On the NNPC, the report said: “It became apparent to the
committee that the operations of the NNPC were opaque
and not transparent. The implication on this is that it
created room for abuses, inefficiencies and manifest lack
of accountability.
“Although NNPC confirmed that it makes some savings of
about N11 per litre refining locally than importing, it
could not be established that the corporation reflects this
cost differential in its claims to subsidy.

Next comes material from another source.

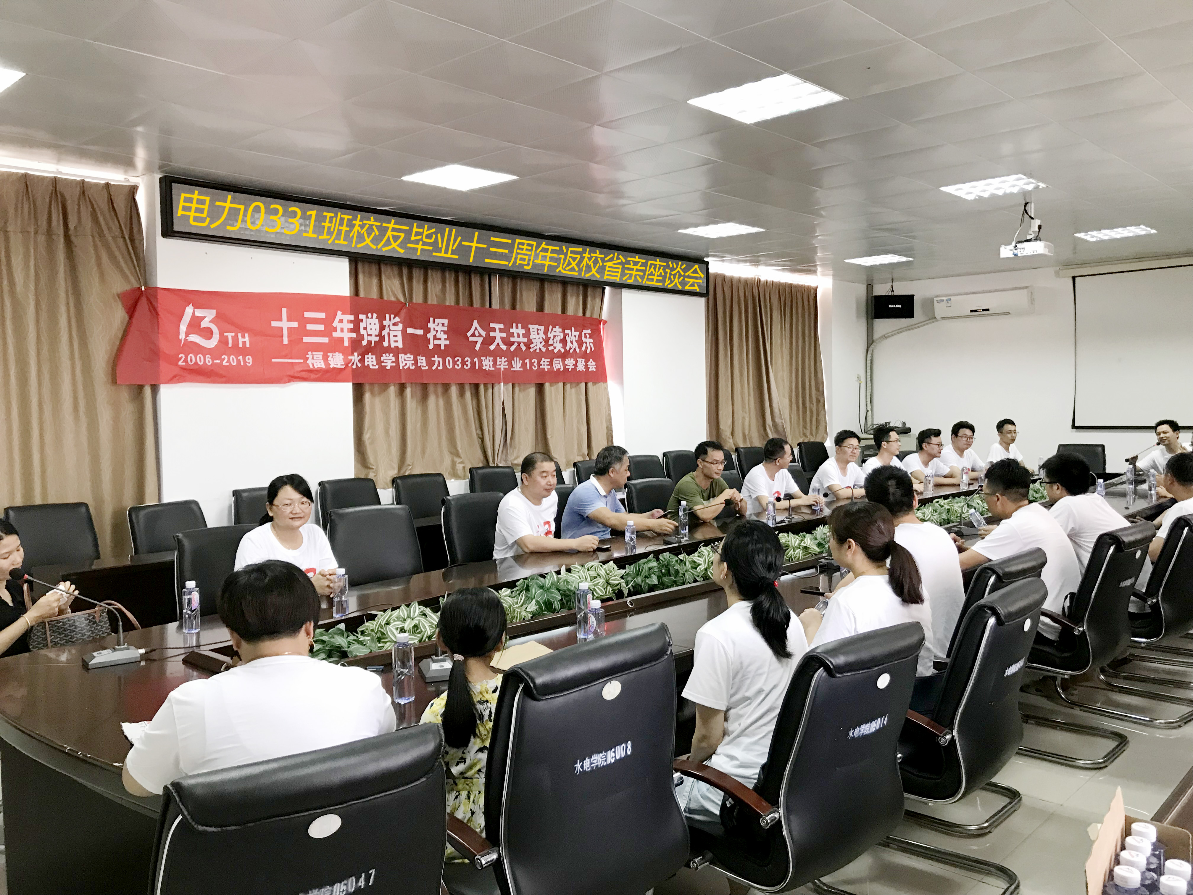 8月3日下午,学院电力0331班毕业13周年返校省亲座谈会在禹兴园第五会议室举行。学院教务处处长包晓晖、电力系主任林世治、班级辅导员林杰老师等相关同志参加了座谈会。

“The implication of this is that NNPC may have been
collecting excess subsidy on locally refined products as the
corporation appears to collect the same amount of
subsidy on both the locally refined and imported
products.
“Thus, NNPC acted as importer, marketer, claimant, payer
and payee. Simply NNPC was not accountable to anybody
or authority.
“The Committee recommends that the accounts of the
Corporation be audited to determine its accounts profits
and solvency. NNPC’s petroleum products processing of
445,000 barrels of domestic crude should be subjected to
further inquiry by the committee during its monitoring
exercise.
“The Committee recommends that NNPC be unbundled to
make its operations more efficient and transparent and
this we believe can be achieved through the passage of a
well-drafted and comprehensive PIB Bill.
“All those in the Management and Board of the NNPC
directly involved in all the infractions identified for the
years 2009-2011 should be investigated and prosecuted
for abuse of office by the Code of Conduct Bureau.”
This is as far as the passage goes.